For me, this is one of those graphic novels I would have enjoyed more as a novel-novel. It felt too much like the abridged version of a longer, more interesting story. Still, interesting story and great illustrations.  3 stars

The Rest of Us Just Live Here by Patrick Ness

Published 2015 by HarperTeen

I had the pleasure of meeting Mr. Ness at a conference last month and getting him to sign new copies of all three Chaos Walking books for me. I had somehow pegged him as a Brit, but no, he told me he grew up in Puyallup. That added to my understanding of the setting of this book--Mt. Hood is The Mountain where I live, but Ranier is The Mountain of the book. I'm still figuring out Twitter, and after meeting him, I started following Ness there. It seems from his tweets that he is gay, grew up in a religious family, and has anxiety issues. So that gave me some background on Jared, Henna, and Mikey himself. Does any of this matter in the least? I mean, he's written sci fi about worlds and situations nobody has ever been in, so clearly he's capable of using his imagination and empathy to create. Still, there is an emotional truth in this novel that I think must be informed by his own life experience. 

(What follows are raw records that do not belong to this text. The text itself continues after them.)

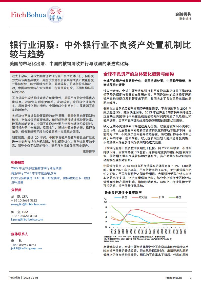 中国银行业自2014年以来不良贷款率总体稳定在1.5%-1.8%区间。截至2025年上半年,不良贷款率约1.49%,关注类贷款占比约2.17%。不同类型银行之间差异明显:大型银行受客户结构与资本充足水平支撑,资产质量保持平稳;部分中小银行受区域经济调整和房地产风险影响,指标波动略高。总体上,行业风险处于可控区间,资产质量变化温和。惠誉博华认为,全球主要经济体银行业不良贷款率的收敛趋势反映出资产质量的普遍改善,但在风险识别时点、出清速度和周期长度上仍存在结构性差异。相似的不良率水平背后,代表的风险状态和修复阶段并不完全一致。未来一个阶段,不良贷款率的变化将更多取决于风险识别和处置机制的有效性影响,而非单纯的经济修复速度。
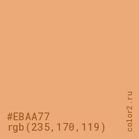 Цвет #EBAA77 в цветовой модели RGB обозначается тремя октетами (235, 170, 119) в десятичном формате и #EBAA77 в шестнадцатиричном (hex) формате, которые являются интенсивностью красного 235 (hex EB), интенсивность зелёного 170 (hex AA) и интенсивность синего 119 (hex 77).
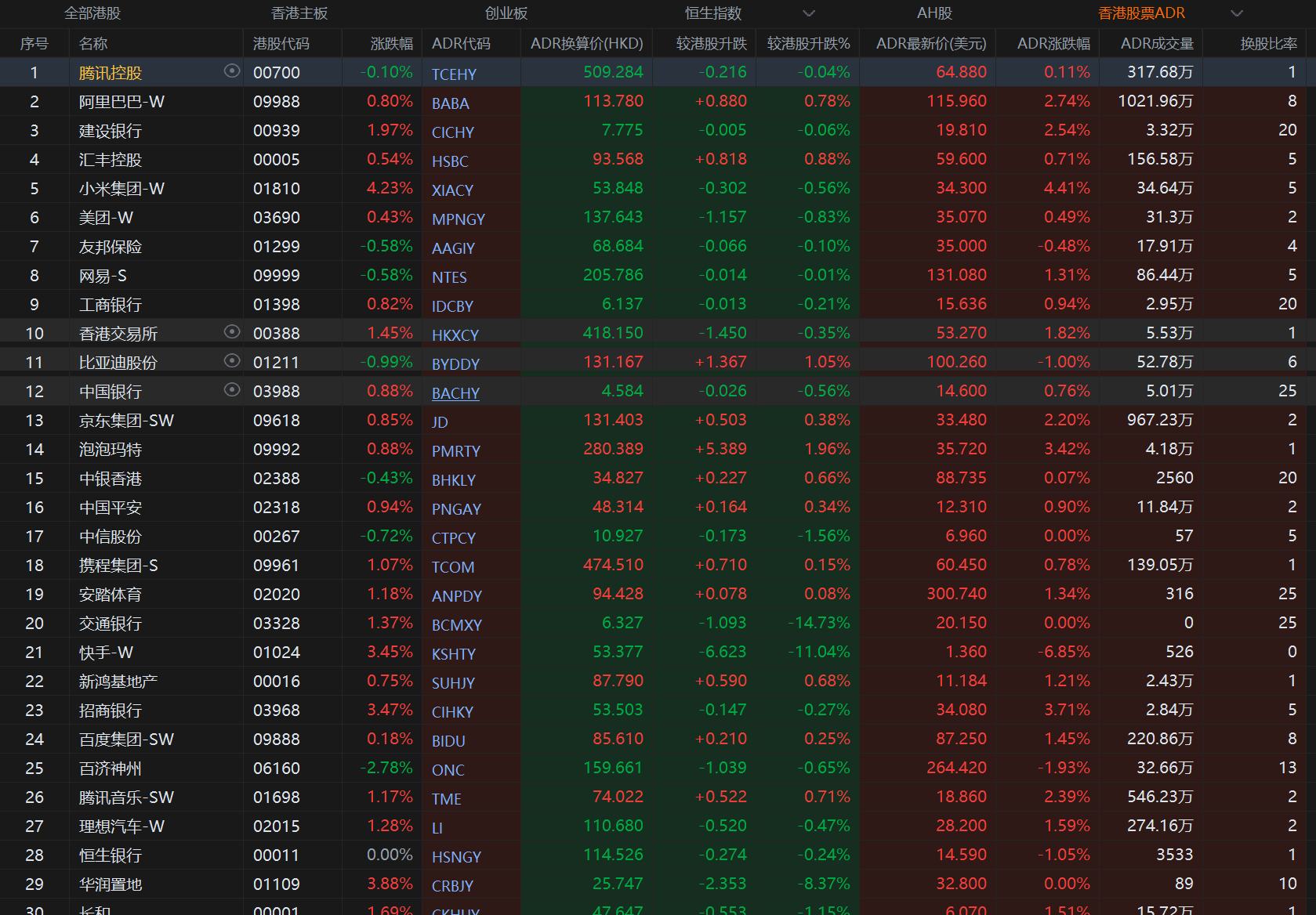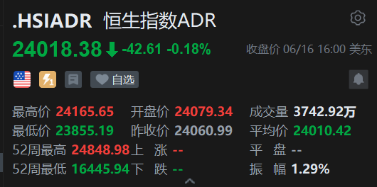 查投资获悉,周一美股三大股指集体上涨,恒生指数ADR下跌,按比例计算,收报24018.38点,较香港收市跌42.61点或0.18%。

I was torn on four vs. five stars--I really enjoyed it, but while the whole Chosen One "subplot" was clever and fun, it's maybe a little too gimmicky for me, reducing rather than enhancing the emotional effect of the story. 

I don't think I will never not read a book this man writes though. Holy Cow, is he great. 4 stars


  1. I've been wanting to read Ness's book. I love that learning more about the author gave you insight into his characters.

    Nicole @ Feed Your Fiction Addiction

    1. Some of the authors I saw speak at that conference were so amazing in person that I want to go back and re-read books of theirs that I didn't love. It brings up the age-old question of if and whether you can separate the artist as a person from their work.